マドリガルコメディ「パルナソスの山巡り」:イタリア方言事情

251107 作:オラツィオ・ヴエッキ
演奏:ラ・フォンテヴェルデ
会場:ハクジュホール
2025年10月31日

最近、コンサートというと雨に降られているような気がする。この日も大雨であった。そういえば、前回ハクジュホールに来た時も雨だった。

前半20分は松本直美による詳しい解説で開始、後半の1時間が実演というものだった。
そもマドリガルコメディとは何かというと、伝統的な即興喜劇コメディア・デラルテを題材に作曲し声楽アンサンブルで構成したものということでいいのかな。歌手による台詞もあり。
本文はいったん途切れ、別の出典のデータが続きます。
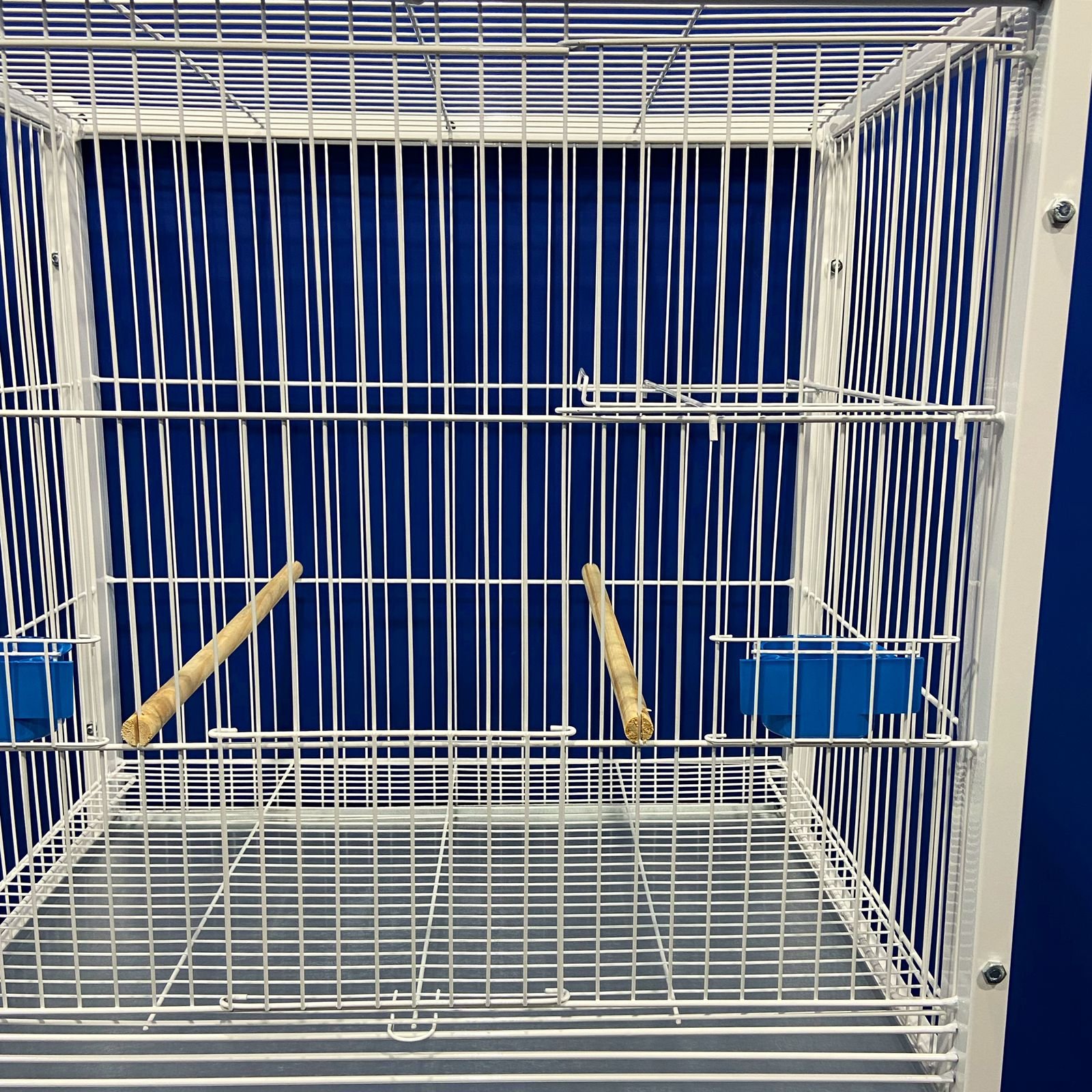 3 poleiros de madeira 15mm, 2 comedores plásticos azuis, 1 chapa de fundo, 1 grade de fundo, e 1 suporte para ninho (todos removíveis).
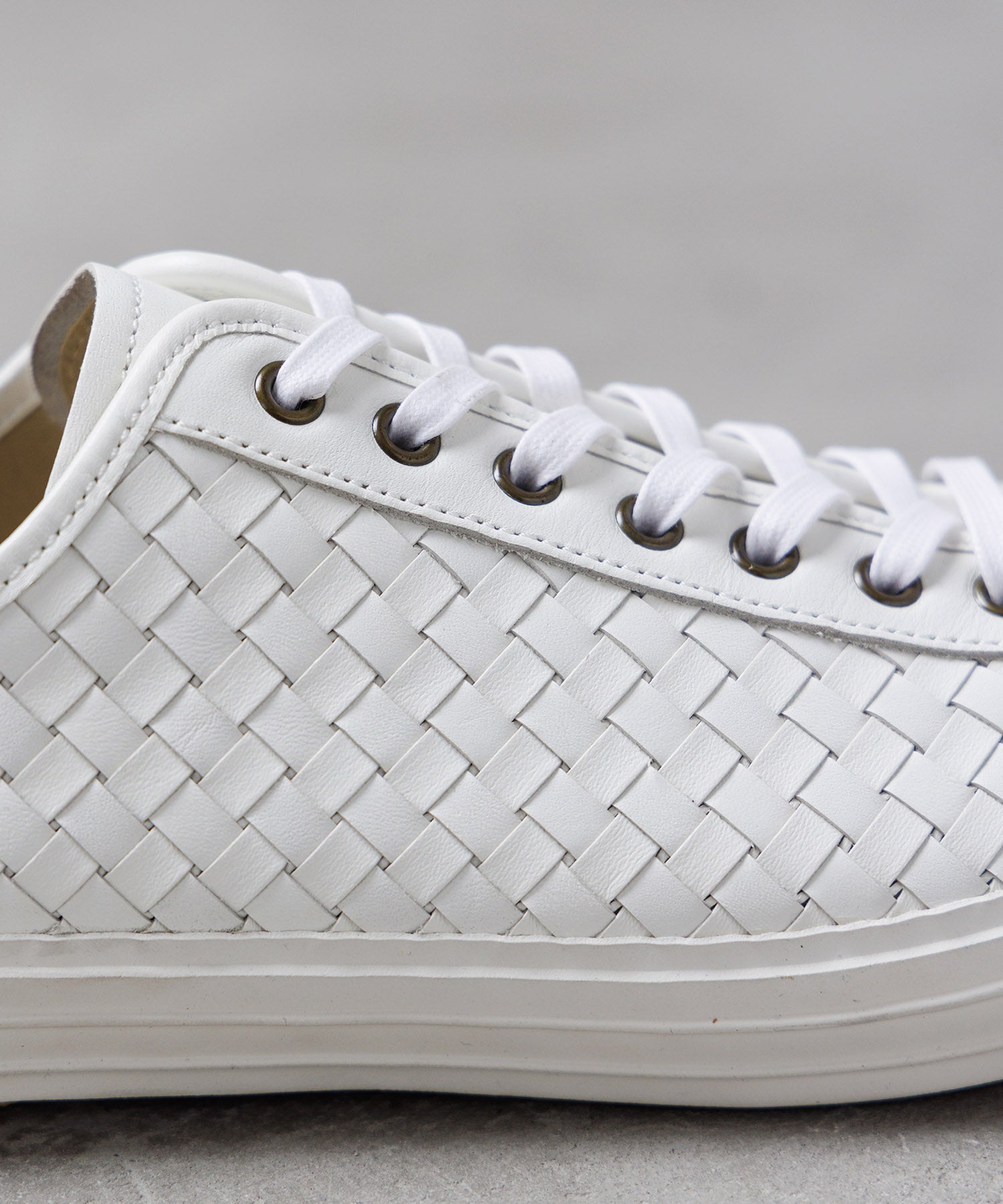 高級なレザー差しメッシュを使用したローカットモデル。アッパーにはイタリアのトスカーナ地方に古くから伝わる技法、イタリア語の「編まれた」を意味する言葉「イントレチャート」デザインを採用。
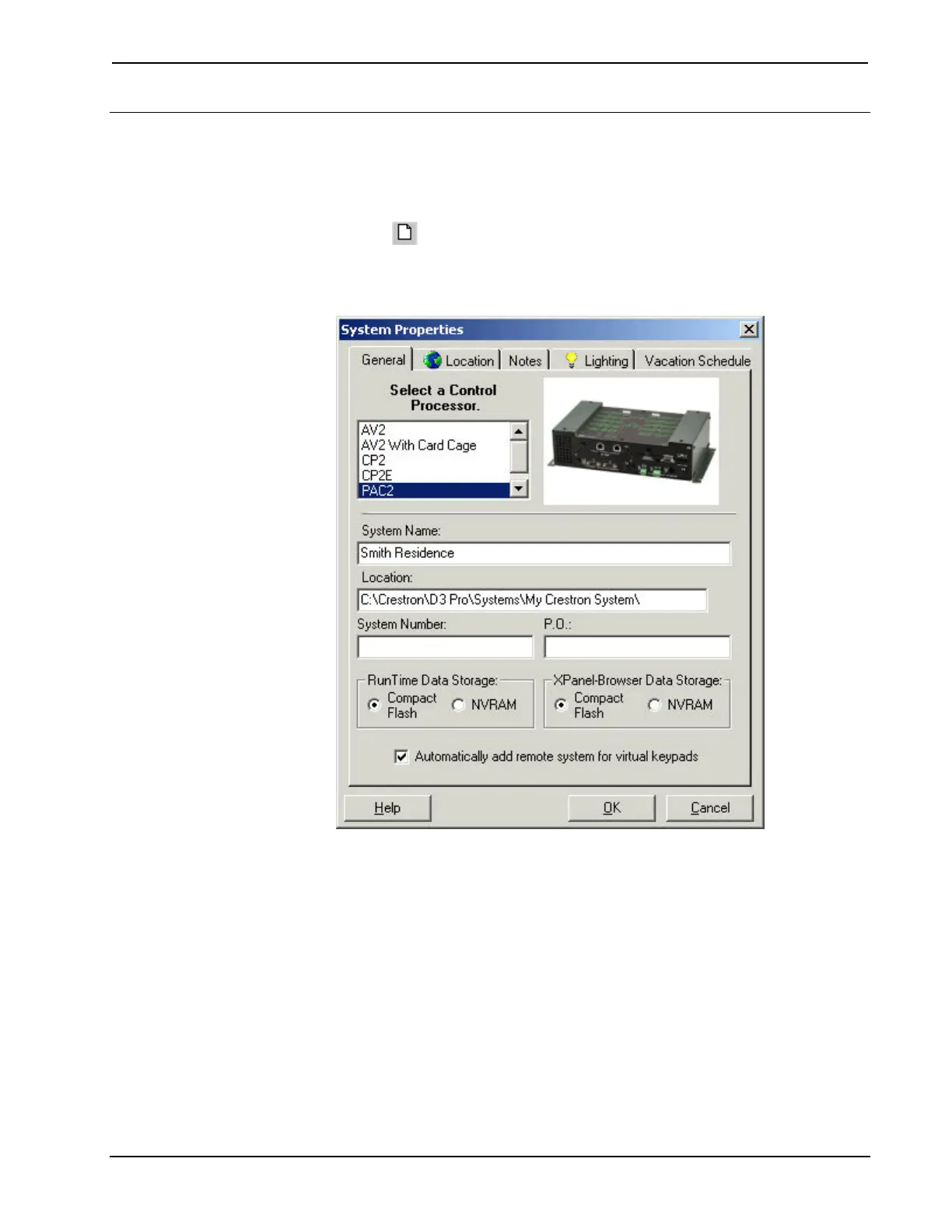 2. Click the General tab and select a control system, i.e., the PAC2, Crestron's
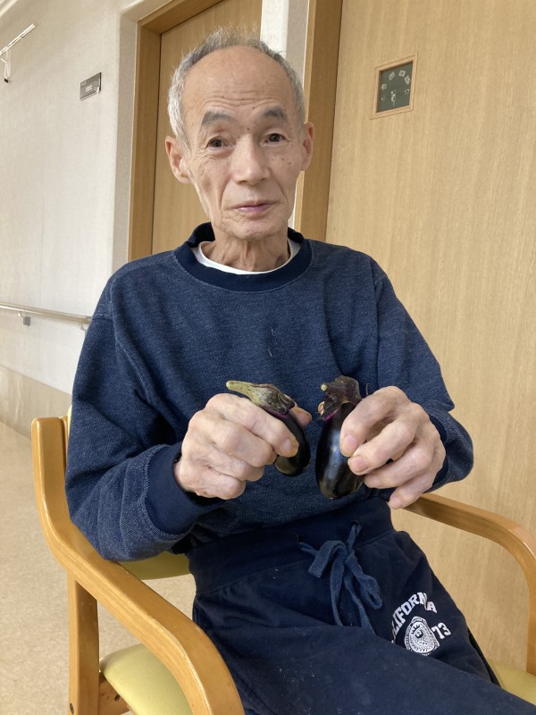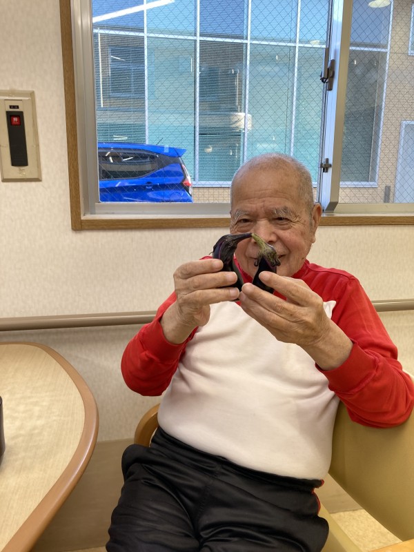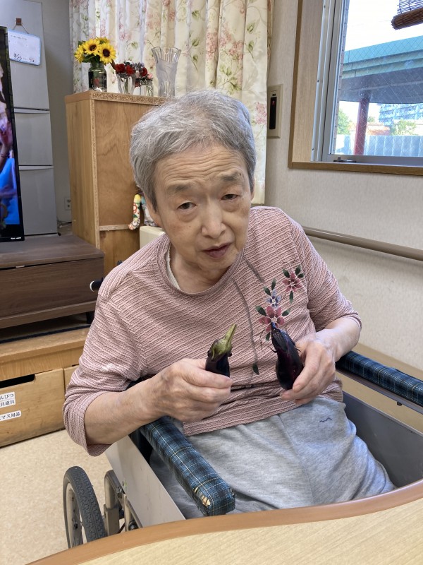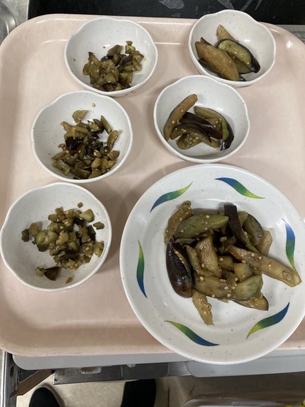 朝の収穫を終えランチタイムに茄子の炒め物を提供致しました。
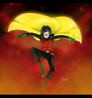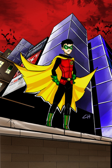 #batman #brucewayne #cape #damian #dccomics #dcuniverse #dick #edificio #fanart #hero #red #robin #superhero #superheroe #yellow

ストーリーはあってなきが如し。娼婦や若い娘に熱を上げる老人や恋人同士の行き違いなど他愛のないもので、時折非常に美しいマドリガルで歌われるが歌詞の内容はバカバカしくてあきれるほどだ。
ラ・フォンテヴェルデの面々はそんな曲の数々を達者に歌って演じていた。テノールの谷口洋介は口上役としても活躍。鍵盤の上尾直毅は今回はなんと4種類の楽器を演奏していた。次回もさらなる挑戦を期待したい。

笑いのツボはイタリア各地の方言が飛び交い、人物同士が何を言ってるのか互いに通じない所にあるという。それを日本の方言を使ってうまく字幕に訳していた。
マルコ・ベロッキオの映画『シチリアーノ 裏切りの美学』では裁判で被告のマフィアの訛りがあまりにひどくて裁判官も検事も誰も理解できないため、公判が中断してしまうという場面があった。(実話らしい)
恐るべし🆘イタリアの方言である。